Collected data entries:
= = = =
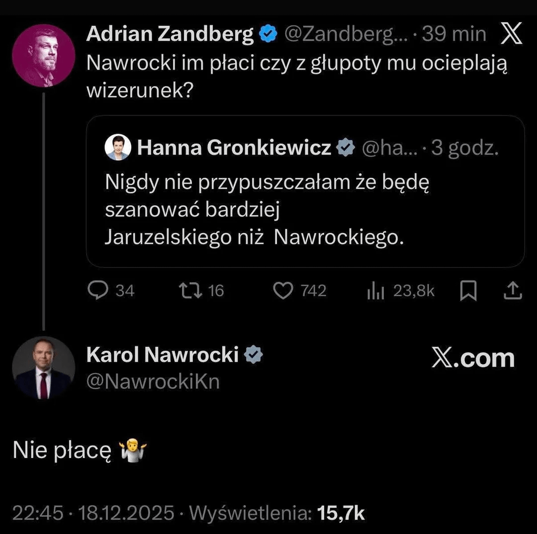 Dealiner on December 19, 2025 11:29 am Pomijając jego sensowność, niby w jaki sposób ten wpis ociepla wizerunek Nawrockiego?
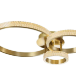 Κρεμαστό μοντέρνο φωτιστικό LED αλουμινίου με στρογγυλή σχεδίαση "δαχτυλίδι" σε χρυσό χρώμα. Συνδυάζει αρμονικά το μέταλλο και το διάφανο ακρυλικό για ένα ιδιαίτερο αποτέλεσμα και μπορεί να διακοσμήσει μοναδικά μοντέρνους αλλά και πιο κλασικούς χώρους.
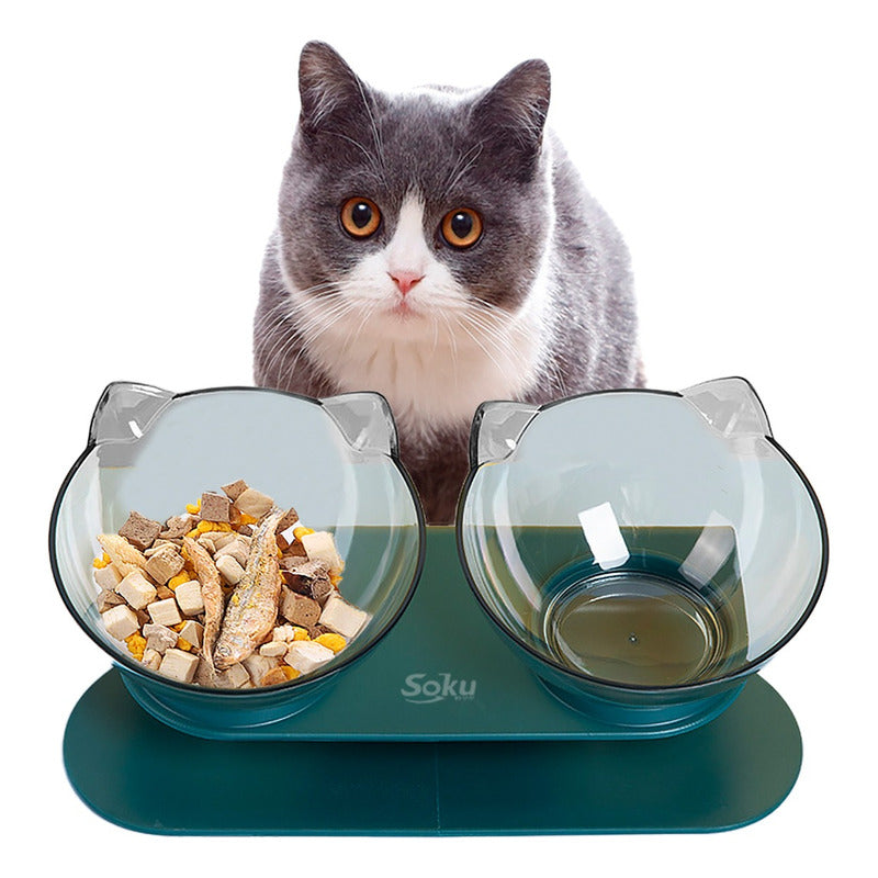 Tazon Doble Elevado Ergónomico Perros Gatos Calidad Soku
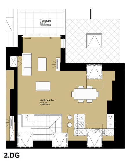 Zur Vermietung gelangt eine exklusive 3-Zimmer-Dachgeschosswohnung mit Terrasse im 5. Wiener Bezirk.
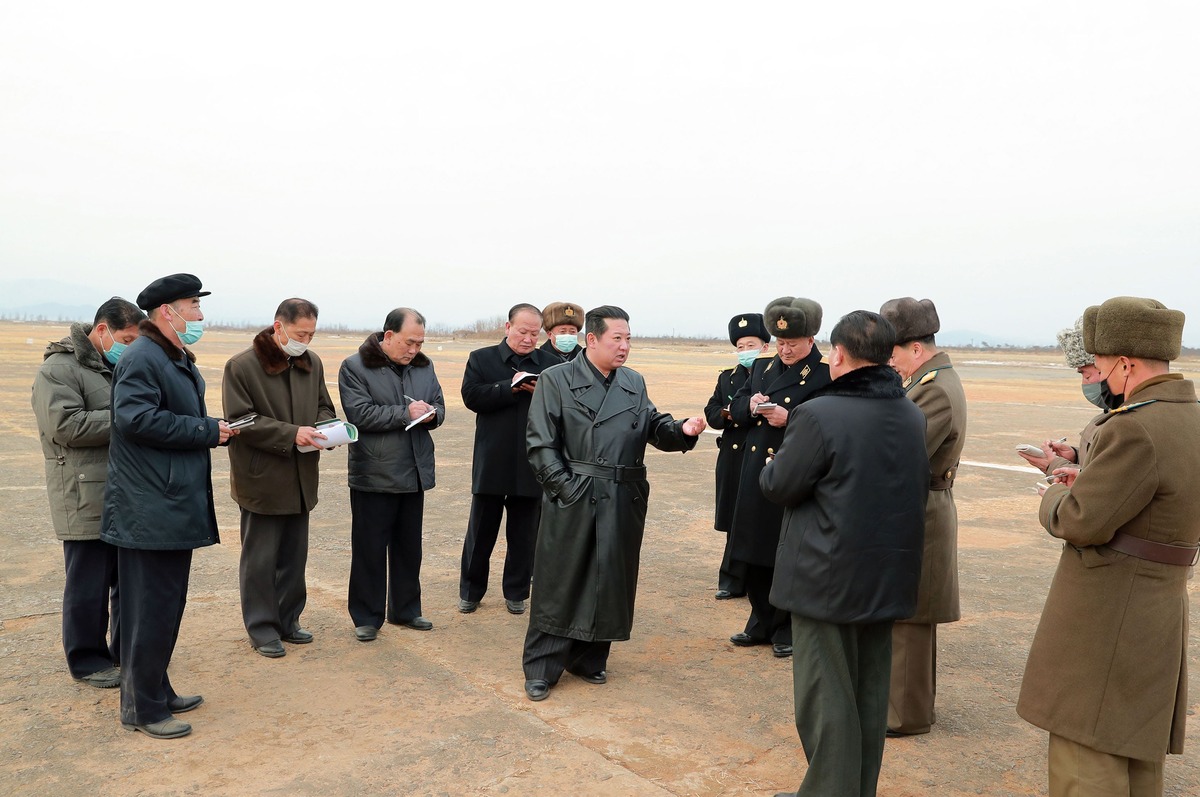 Уважаемый товарищ Ким Чен Ын ознакомляется на месте с участком под строительство Рёнпхоского тепличного хозяйства. Январь 2022 года.
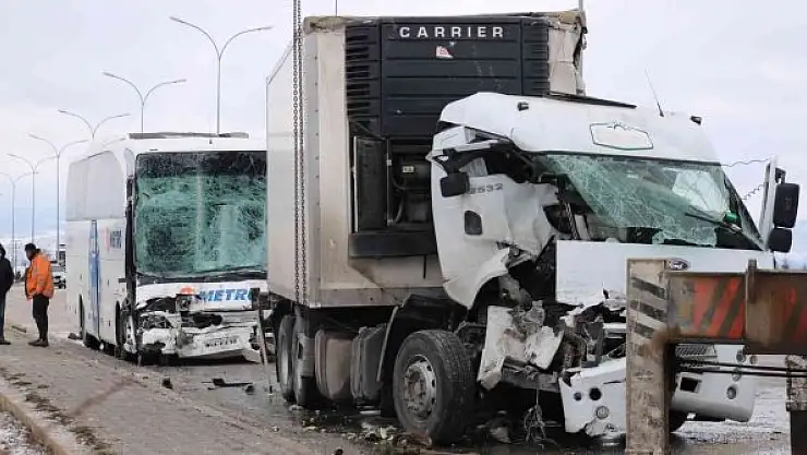 2'si çocuk 15 kişinin yaralandığı kazada, yolcu otobüsü ve tırların karıştığı zincirleme trafik kazasında enkaz kaldırma çalışmaları sürüyor.
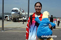 在第二十八屆雅典奧運(yùn)會(huì)上奪得女子蹦床銅牌的閩籍運(yùn)動(dòng)員黃珊汕,九月十三日攜雅典吉祥物載譽(yù)返閩抵達(dá)福州長(zhǎng)樂(lè)國(guó)際機(jī)場(chǎng)時(shí),受到福建省各界人士的熱烈歡迎。作者:劉可耕
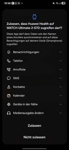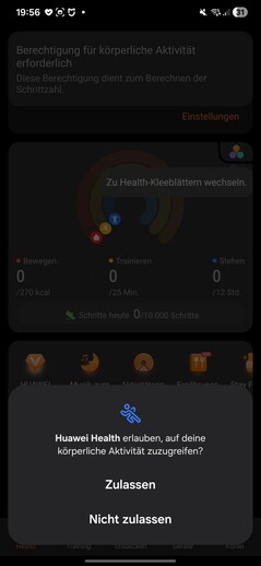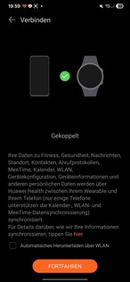 Vid testning upptäcktes smartklockan omedelbart och parades ihop utan problem. Flera behörigheter måste beviljas under installationen. Ett Huawei-ID krävs också. I slutet av processen startas en handledning på klockan. En sak sticker ut: varje app som öppnas på smartklockan kräver sitt eget separata samtycke för databehandling.
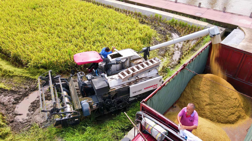 Mechanized facilities harvesting 84,000 hectares of rice in SW China's Sichuan (3)
= = = =
§ **Task directions**:
Transcribe every line of the data exactly. No pictures go in the copy.

§ **Response to this task**:
 Dealiner on December 19, 2025 11:29 am Pomijając jego sensowność, niby w jaki sposób ten wpis ociepla wizerunek Nawrockiego?
 Κρεμαστό μοντέρνο φωτιστικό LED αλουμινίου με στρογγυλή σχεδίαση "δαχτυλίδι" σε χρυσό χρώμα. Συνδυάζει αρμονικά το μέταλλο και το διάφανο ακρυλικό για ένα ιδιαίτερο αποτέλεσμα και μπορεί να διακοσμήσει μοναδικά μοντέρνους αλλά και πιο κλασικούς χώρους.
 Tazon Doble Elevado Ergónomico Perros Gatos Calidad Soku
 Zur Vermietung gelangt eine exklusive 3-Zimmer-Dachgeschosswohnung mit Terrasse im 5. Wiener Bezirk.
 Уважаемый товарищ Ким Чен Ын ознакомляется на месте с участком под строительство Рёнпхоского тепличного хозяйства. Январь 2022 года.
 2'si çocuk 15 kişinin yaralandığı kazada, yolcu otobüsü ve tırların karıştığı zincirleme trafik kazasında enkaz kaldırma çalışmaları sürüyor.
 在第二十八屆雅典奧運(yùn)會(huì)上奪得女子蹦床銅牌的閩籍運(yùn)動(dòng)員黃珊汕,九月十三日攜雅典吉祥物載譽(yù)返閩抵達(dá)福州長(zhǎng)樂(lè)國(guó)際機(jī)場(chǎng)時(shí),受到福建省各界人士的熱烈歡迎。作者:劉可耕
 Vid testning upptäcktes smartklockan omedelbart och parades ihop utan problem. Flera behörigheter måste beviljas under installationen. Ett Huawei-ID krävs också. I slutet av processen startas en handledning på klockan. En sak sticker ut: varje app som öppnas på smartklockan kräver sitt eget separata samtycke för databehandling.
 Mechanized facilities harvesting 84,000 hectares of rice in SW China's Sichuan (3)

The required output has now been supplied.